▶ [EXERCISE AIM]
After locating "Szara kamizelka Agnona." in the listing below, copy that line and each one after it exactly, ending with the line that has "La biblioteca si".

▶ [DATA RECORDS]
= Beginning of Section =
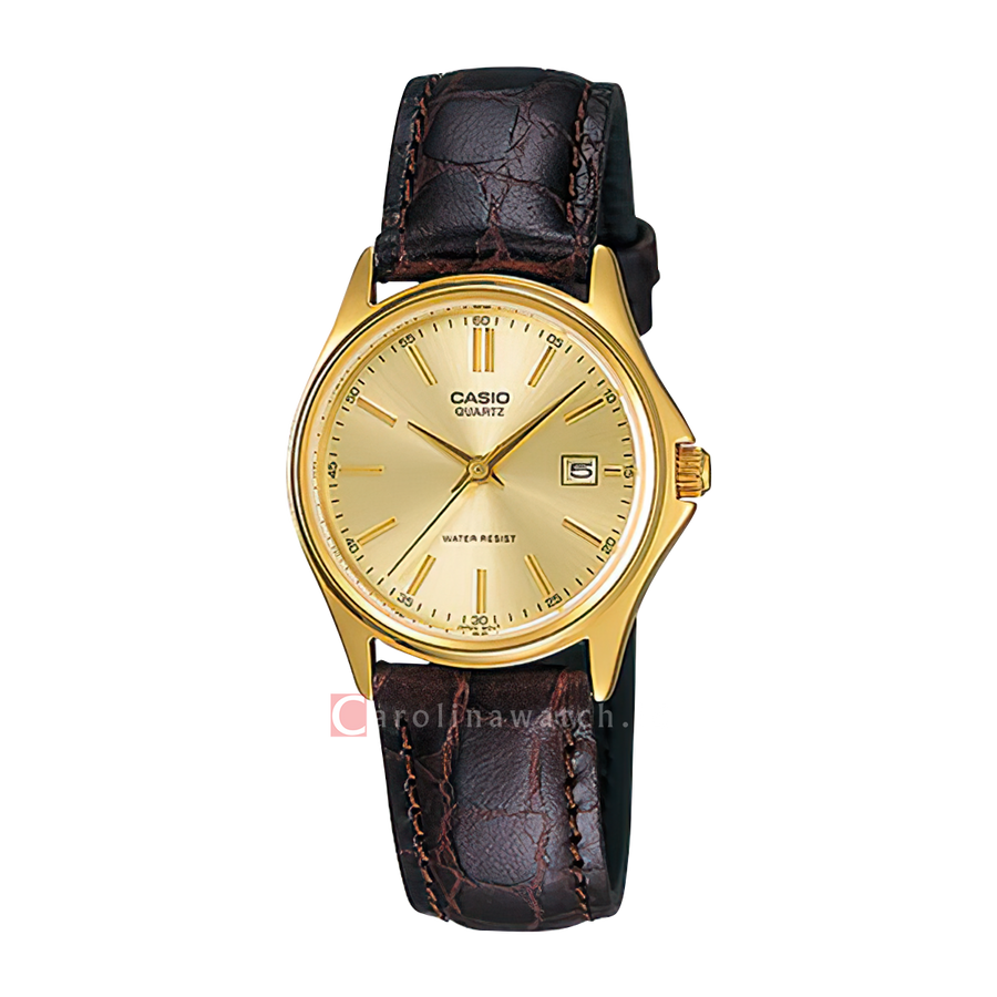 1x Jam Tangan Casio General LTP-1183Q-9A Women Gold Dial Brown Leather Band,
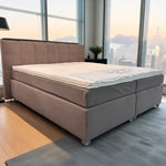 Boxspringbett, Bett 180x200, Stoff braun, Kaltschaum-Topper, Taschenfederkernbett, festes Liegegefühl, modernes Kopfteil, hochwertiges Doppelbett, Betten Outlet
= End of Section =
= Beginning of Section =
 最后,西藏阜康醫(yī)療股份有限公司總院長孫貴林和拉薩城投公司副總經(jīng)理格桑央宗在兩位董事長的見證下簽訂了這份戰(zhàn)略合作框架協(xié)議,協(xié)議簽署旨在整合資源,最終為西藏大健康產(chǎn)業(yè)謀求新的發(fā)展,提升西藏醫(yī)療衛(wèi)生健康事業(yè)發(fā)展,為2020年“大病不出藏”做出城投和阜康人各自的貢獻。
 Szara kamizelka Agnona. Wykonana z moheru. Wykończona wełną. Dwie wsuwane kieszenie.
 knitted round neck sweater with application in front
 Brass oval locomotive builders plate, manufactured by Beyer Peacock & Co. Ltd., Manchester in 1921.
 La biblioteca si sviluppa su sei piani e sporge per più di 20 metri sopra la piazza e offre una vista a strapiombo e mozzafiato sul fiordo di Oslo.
= End of Section =
= Beginning of Section =
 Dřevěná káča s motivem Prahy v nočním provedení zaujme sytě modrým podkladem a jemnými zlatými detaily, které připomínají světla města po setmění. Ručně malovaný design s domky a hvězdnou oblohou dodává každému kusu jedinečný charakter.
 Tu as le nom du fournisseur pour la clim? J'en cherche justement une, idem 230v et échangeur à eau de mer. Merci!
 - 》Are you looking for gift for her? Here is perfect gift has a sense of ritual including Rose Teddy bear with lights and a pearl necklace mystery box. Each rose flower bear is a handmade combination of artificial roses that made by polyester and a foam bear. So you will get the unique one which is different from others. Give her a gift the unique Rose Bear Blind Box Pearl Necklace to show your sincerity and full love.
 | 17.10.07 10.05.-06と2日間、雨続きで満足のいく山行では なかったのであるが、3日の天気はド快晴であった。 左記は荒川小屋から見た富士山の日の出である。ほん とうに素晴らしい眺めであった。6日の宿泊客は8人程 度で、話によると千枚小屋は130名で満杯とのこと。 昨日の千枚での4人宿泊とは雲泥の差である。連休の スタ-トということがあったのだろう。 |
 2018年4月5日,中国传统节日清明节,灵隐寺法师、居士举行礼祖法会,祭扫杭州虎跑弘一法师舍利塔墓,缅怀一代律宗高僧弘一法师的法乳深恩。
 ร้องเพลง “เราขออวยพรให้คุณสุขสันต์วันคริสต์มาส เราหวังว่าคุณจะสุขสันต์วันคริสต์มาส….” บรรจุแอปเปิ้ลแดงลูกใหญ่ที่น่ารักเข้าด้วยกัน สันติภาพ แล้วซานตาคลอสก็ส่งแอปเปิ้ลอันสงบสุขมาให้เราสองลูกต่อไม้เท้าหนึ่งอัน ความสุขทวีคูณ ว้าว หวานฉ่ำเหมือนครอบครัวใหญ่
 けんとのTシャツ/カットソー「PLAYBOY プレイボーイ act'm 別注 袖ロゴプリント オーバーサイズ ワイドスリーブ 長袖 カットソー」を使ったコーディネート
= End of Section =
▶ [FINISHED TASK]
 Szara kamizelka Agnona. Wykonana z moheru. Wykończona wełną. Dwie wsuwane kieszenie.
 knitted round neck sweater with application in front
 Brass oval locomotive builders plate, manufactured by Beyer Peacock & Co. Ltd., Manchester in 1921.
 La biblioteca si sviluppa su sei piani e sporge per più di 20 metri sopra la piazza e offre una vista a strapiombo e mozzafiato sul fiordo di Oslo.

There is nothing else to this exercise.